What to do |
From the first line to the last, write out the records exactly, leaving the pictures behind.

═══ Extracted information

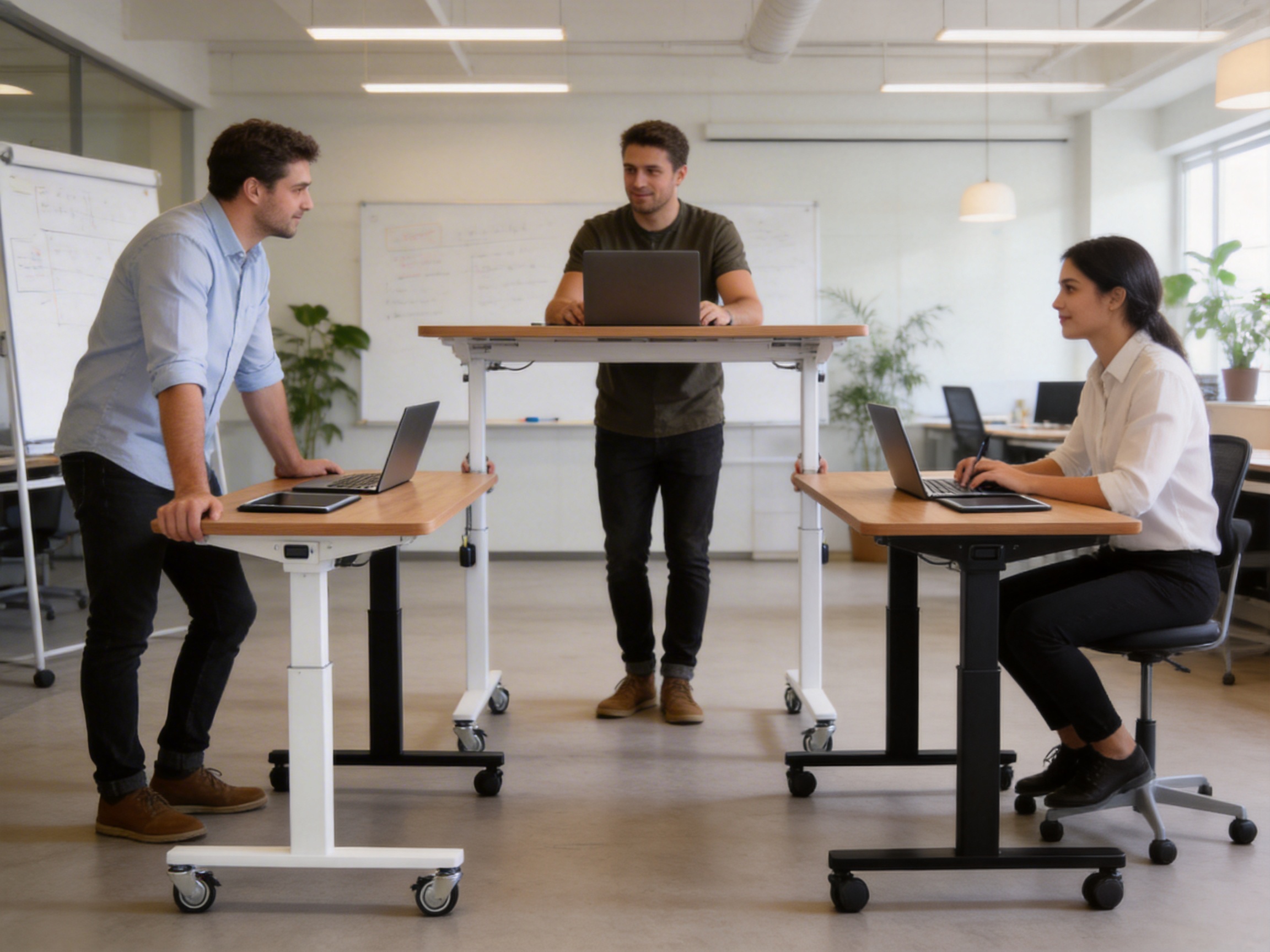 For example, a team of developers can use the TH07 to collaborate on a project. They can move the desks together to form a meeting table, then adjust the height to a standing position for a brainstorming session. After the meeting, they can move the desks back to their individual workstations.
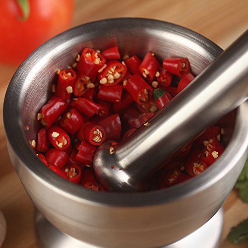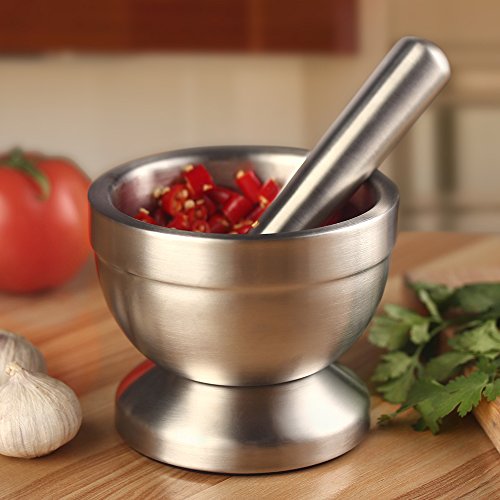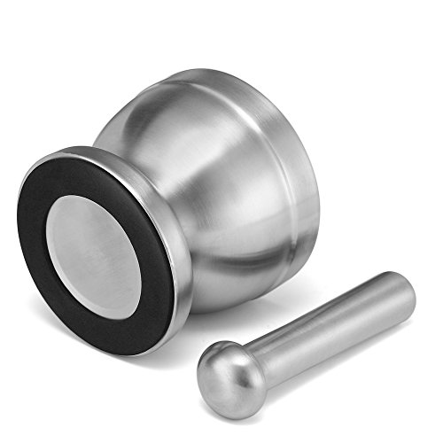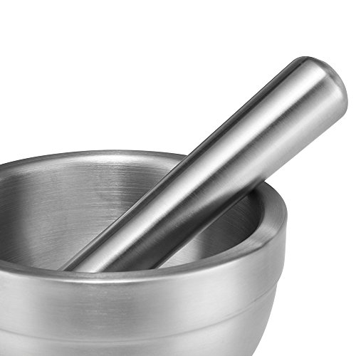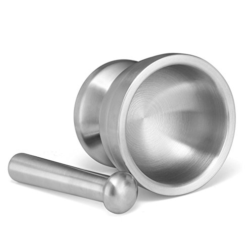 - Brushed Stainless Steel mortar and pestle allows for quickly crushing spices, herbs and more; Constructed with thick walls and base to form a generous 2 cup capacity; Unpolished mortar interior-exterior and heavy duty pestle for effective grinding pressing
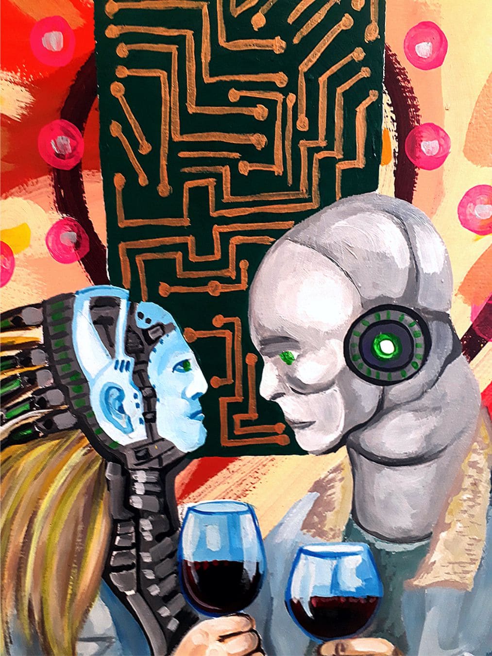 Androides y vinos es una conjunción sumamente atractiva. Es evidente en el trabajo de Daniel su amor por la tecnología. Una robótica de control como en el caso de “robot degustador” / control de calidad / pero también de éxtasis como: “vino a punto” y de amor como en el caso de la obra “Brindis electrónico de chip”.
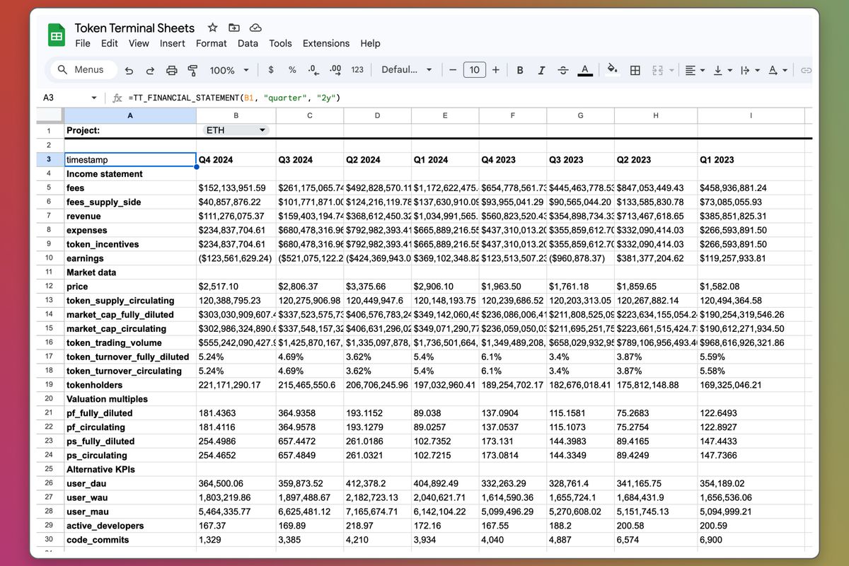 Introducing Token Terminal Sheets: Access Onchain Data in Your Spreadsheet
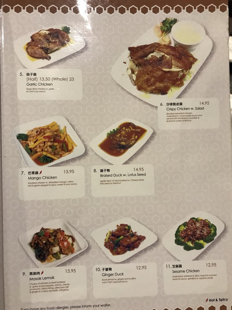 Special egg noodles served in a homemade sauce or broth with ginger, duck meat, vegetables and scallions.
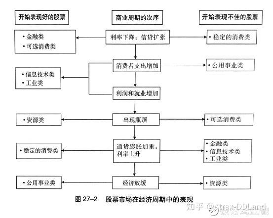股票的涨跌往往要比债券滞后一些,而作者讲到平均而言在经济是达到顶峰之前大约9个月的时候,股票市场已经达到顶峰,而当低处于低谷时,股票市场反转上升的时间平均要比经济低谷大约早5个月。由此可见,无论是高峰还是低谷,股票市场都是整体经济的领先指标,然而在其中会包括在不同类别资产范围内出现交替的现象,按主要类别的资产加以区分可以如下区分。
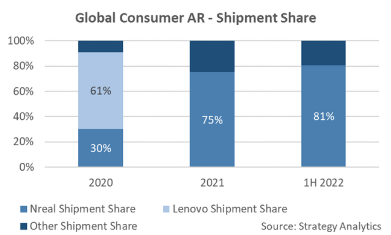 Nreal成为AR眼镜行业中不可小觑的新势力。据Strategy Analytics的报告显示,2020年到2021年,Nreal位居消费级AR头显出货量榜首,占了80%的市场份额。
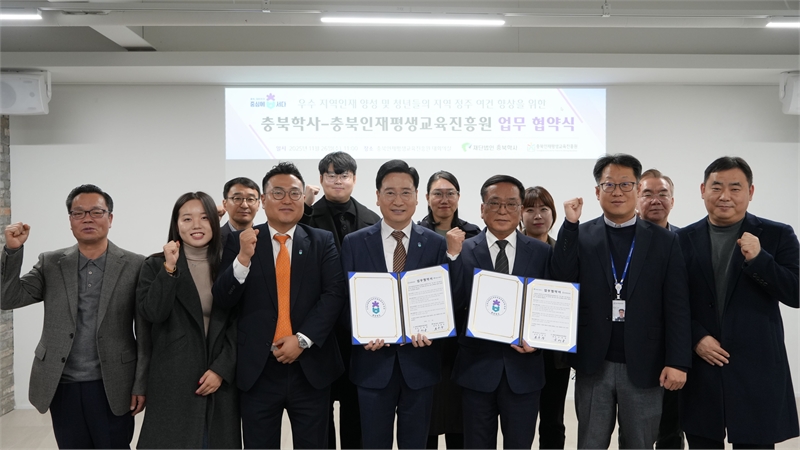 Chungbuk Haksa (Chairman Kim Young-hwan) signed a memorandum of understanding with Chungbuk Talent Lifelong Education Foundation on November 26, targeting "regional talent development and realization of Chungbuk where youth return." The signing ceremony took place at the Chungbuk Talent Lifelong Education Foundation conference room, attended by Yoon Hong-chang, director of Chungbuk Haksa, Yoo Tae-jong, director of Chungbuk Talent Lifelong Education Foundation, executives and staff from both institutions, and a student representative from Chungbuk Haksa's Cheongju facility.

══════

Written answer |
 For example, a team of developers can use the TH07 to collaborate on a project. They can move the desks together to form a meeting table, then adjust the height to a standing position for a brainstorming session. After the meeting, they can move the desks back to their individual workstations.
 - Brushed Stainless Steel mortar and pestle allows for quickly crushing spices, herbs and more; Constructed with thick walls and base to form a generous 2 cup capacity; Unpolished mortar interior-exterior and heavy duty pestle for effective grinding pressing
 Androides y vinos es una conjunción sumamente atractiva. Es evidente en el trabajo de Daniel su amor por la tecnología. Una robótica de control como en el caso de “robot degustador” / control de calidad / pero también de éxtasis como: “vino a punto” y de amor como en el caso de la obra “Brindis electrónico de chip”.
 Introducing Token Terminal Sheets: Access Onchain Data in Your Spreadsheet
 Special egg noodles served in a homemade sauce or broth with ginger, duck meat, vegetables and scallions.
股票的涨跌往往要比债券滞后一些,而作者讲到平均而言在经济是达到顶峰之前大约9个月的时候,股票市场已经达到顶峰,而当低处于低谷时,股票市场反转上升的时间平均要比经济低谷大约早5个月。由此可见,无论是高峰还是低谷,股票市场都是整体经济的领先指标,然而在其中会包括在不同类别资产范围内出现交替的现象,按主要类别的资产加以区分可以如下区分。
 Nreal成为AR眼镜行业中不可小觑的新势力。据Strategy Analytics的报告显示,2020年到2021年,Nreal位居消费级AR头显出货量榜首,占了80%的市场份额。
 Chungbuk Haksa (Chairman Kim Young-hwan) signed a memorandum of understanding with Chungbuk Talent Lifelong Education Foundation on November 26, targeting "regional talent development and realization of Chungbuk where youth return." The signing ceremony took place at the Chungbuk Talent Lifelong Education Foundation conference room, attended by Yoon Hong-chang, director of Chungbuk Haksa, Yoo Tae-jong, director of Chungbuk Talent Lifelong Education Foundation, executives and staff from both institutions, and a student representative from Chungbuk Haksa's Cheongju facility.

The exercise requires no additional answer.